As we predicted last year, GDPR progress has driven additional identity-related legislation. Consumers want to know that steps are being taken to put value on their identity and politicians are enacting legislation around digital IDs. Consumers have also been driven to advocate for more ownership over how and when their personal information gets shared.
Mastercard recently released a study revealing that the overwhelming majority of individuals and business leaders (90%) feel data privacy is universally important. As a result, digital identity is at the forefront of conversations about the future of privacy, legislation and how PII can be protected.
Consumers Show a Willingness to Embrace Digital IDs
Multiple studies have proven that consumers are not only ready, but they are requesting digital IDs to authenticate their online engagement with government agencies and businesses alike.
Research from the DIACC (Digital ID and Authentication Council of Canada) revealed that 70% of Canadians want to see governments and the private sector come together to collaborate on a joint digital identity framework in Canada. This digital ID platform would enable the increased and inclusive access to government benefits, healthcare, e-commerce, and financial services. Respondents believe that this model will help better safeguard their personal information and create a more efficient user experience.
Digital IDs are Being Adopted Globally
Just last month, Colorado’s Gov. Jared Polis signed an executive order supporting the widespread adoption of “digital personal information technology.” Colorado residents will now be able to create a digital ID that can serve as proof of age, address or identification through the state’s myColorado mobile app. Theresa Szczurek, chief information officer since January, is helping lead the effort. Since the launch, about 20,000 Colorado residents have digitized their IDs.
Colorado is one of the early state adopters of digital identification – Washington D.C. also announced a forthcoming pilot program. The service is becoming a trend as state governments attempt to offer digital services on par with those offered by private companies.
The EU also recently extended the deadline for the revised Payment Services Directive (PSD2), which enables bank customers, both business and consumer, to give third-party providers permission to retrieve their account data from their banks. This push towards Strong Customer Authentication (SCA) is comprised of “an authentication based on the use of two or more elements categorized as knowledge (something only the user knows), possession (something only the user possesses) and inherence (something the user is).”

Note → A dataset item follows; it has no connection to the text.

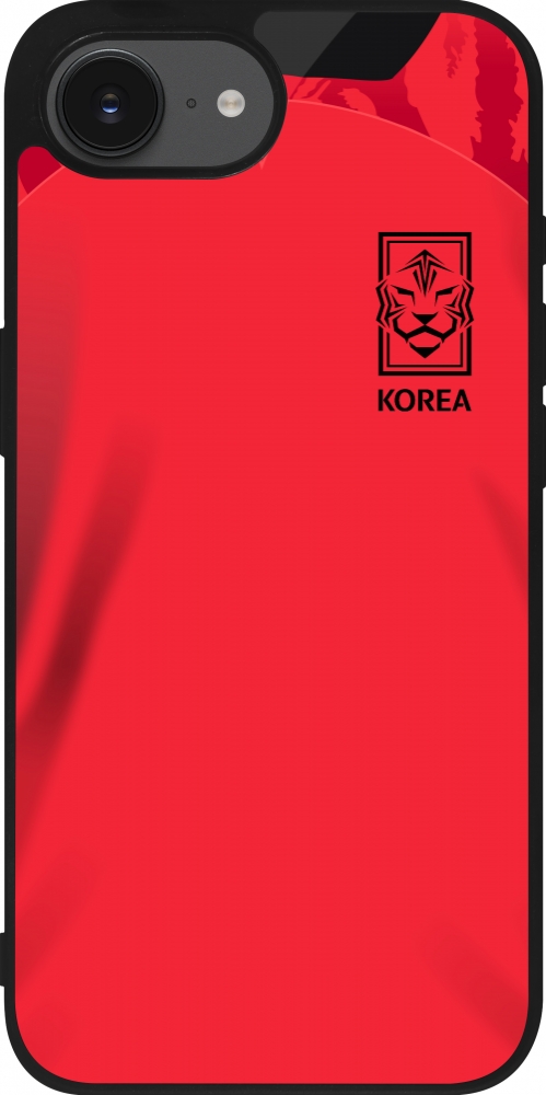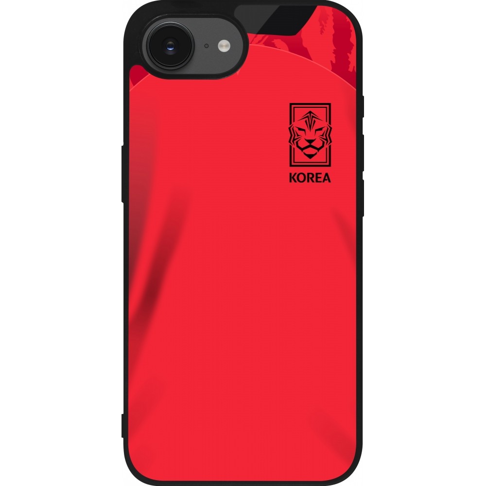 Coque iPhone 17e / 16e - Silicone rigide noir Maillot de football Corée du Sud 2022 personnalisable

International and State Laws are Increasingly Addressing Data Privacy Legislation
A growing number of international, national and US state laws and regulations seek to govern the collection, safeguarding and sharing of consumer data, specifically to give consumers visibility and control over how their data is used. GDPR, which took effect last year, is among the most notable and compressive of these regulations.

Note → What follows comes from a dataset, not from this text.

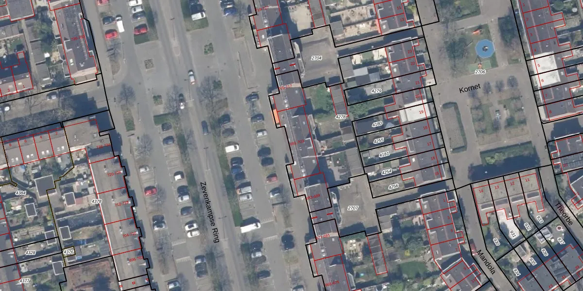 Zevenkampse Ring 697 is gelegen op kadastraal perceel RTD13BA4278. Deze kadastrale aanduiding is uniek en wordt gebruikt door het Kadaster om eigendomsrechten en andere zakelijke rechten vast te leggen. Het perceel maakt onderdeel uit van de kadastrale gemeente Rotterdam.

The California Consumer Privacy Act (CCPA), which will take effect in January 2020, is currently the strictest data privacy law in the US. In the absence of preemptive federal law, many U.S. states, including New York, are considering laws similar to the CCPA. Congress has also begun to consider what a national data privacy law might look like.
But privacy and data security experts suggest this may be just the tip of a very large iceberg. Many countries have passed or are considering similar laws. Brazil, for instance, has passed its own General Data Protection Law, which comes into force in 2020. Earlier this year, the EU announced tighter security for ID cards, making biometric data mandatory for ID cards. Under this new legislation, documents must include the two fingerprints of the cardholder, stored in a digital format, on a contactless chip.
One thing is clear – the future of digital identity is here. With consumers demanding a solution, and politicians clamoring to address security and data privacy concerns with the appropriate legislation, businesses must be prepared to comply with current and forthcoming privacy laws.